[llvm] 2a4fa0c - [X86][SSE] combineMulToPMADDWD - enable sext(v8i16) -> zext(v8i16) fold on sub-128 bit vectors
Simon Pilgrim via llvm-commits
llvm-commits at lists.llvm.org
Sat Sep 25 07:57:20 PDT 2021
Author: Simon Pilgrim
Date: 2021-09-25T15:50:45+01:00
New Revision: 2a4fa0c27c938b9767dd42d57cc7c4e5a670b302
URL: https://github.com/llvm/llvm-project/commit/2a4fa0c27c938b9767dd42d57cc7c4e5a670b302
DIFF: https://github.com/llvm/llvm-project/commit/2a4fa0c27c938b9767dd42d57cc7c4e5a670b302.diff
LOG: [X86][SSE] combineMulToPMADDWD - enable sext(v8i16) -> zext(v8i16) fold on sub-128 bit vectors
Added:
Modified:
llvm/lib/Target/X86/X86ISelLowering.cpp
llvm/test/CodeGen/X86/shrink_vmul.ll
Removed:
################################################################################
diff --git a/llvm/lib/Target/X86/X86ISelLowering.cpp b/llvm/lib/Target/X86/X86ISelLowering.cpp
index a3b5640c1a623..702d16731d22f 100644
--- a/llvm/lib/Target/X86/X86ISelLowering.cpp
+++ b/llvm/lib/Target/X86/X86ISelLowering.cpp
@@ -44266,7 +44266,7 @@ static SDValue combineMulToPMADDWD(SDNode *N, SelectionDAG &DAG,
return Op;
// Convert sext(vXi16) to zext(vXi16).
// TODO: Handle sext from smaller types as well?
- if (Op.getOpcode() == ISD::SIGN_EXTEND && VT.is128BitVector() &&
+ if (Op.getOpcode() == ISD::SIGN_EXTEND && VT.getSizeInBits() <= 128 &&
N->isOnlyUserOf(Op.getNode())) {
SDValue Src = Op.getOperand(0);
if (Src.getScalarValueSizeInBits() == 16)

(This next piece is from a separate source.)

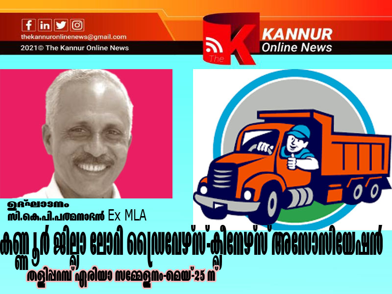 തളിപ്പറമ്പ്: കണ്ണൂര് ജില്ലാ ലോറി ഡ്രൈവേഴ്സ്-ക്ലീനേഴ്സ് അസോസിയേഷന് തളിപ്പറമ്പ് ഏരിയാ കണ്വെന്ഷന് മെയ് 25 ന്

diff --git a/llvm/test/CodeGen/X86/shrink_vmul.ll b/llvm/test/CodeGen/X86/shrink_vmul.ll
index 900f6a08076a5..3e1688635a5f3 100644
--- a/llvm/test/CodeGen/X86/shrink_vmul.ll
+++ b/llvm/test/CodeGen/X86/shrink_vmul.ll
@@ -1078,10 +1078,10 @@ define void @mul_2xi16_sext(i8* nocapture readonly %a, i8* nocapture readonly %b
; X86-SSE-NEXT: movl c, %esi
; X86-SSE-NEXT: movd {{.*#+}} xmm0 = mem[0],zero,zero,zero
; X86-SSE-NEXT: movd {{.*#+}} xmm1 = mem[0],zero,zero,zero
-; X86-SSE-NEXT: movdqa %xmm1, %xmm2
-; X86-SSE-NEXT: pmulhw %xmm0, %xmm2
-; X86-SSE-NEXT: pmullw %xmm0, %xmm1
+; X86-SSE-NEXT: pxor %xmm2, %xmm2
+; X86-SSE-NEXT: punpcklwd {{.*#+}} xmm0 = xmm0[0],xmm2[0],xmm0[1],xmm2[1],xmm0[2],xmm2[2],xmm0[3],xmm2[3]
; X86-SSE-NEXT: punpcklwd {{.*#+}} xmm1 = xmm1[0],xmm2[0],xmm1[1],xmm2[1],xmm1[2],xmm2[2],xmm1[3],xmm2[3]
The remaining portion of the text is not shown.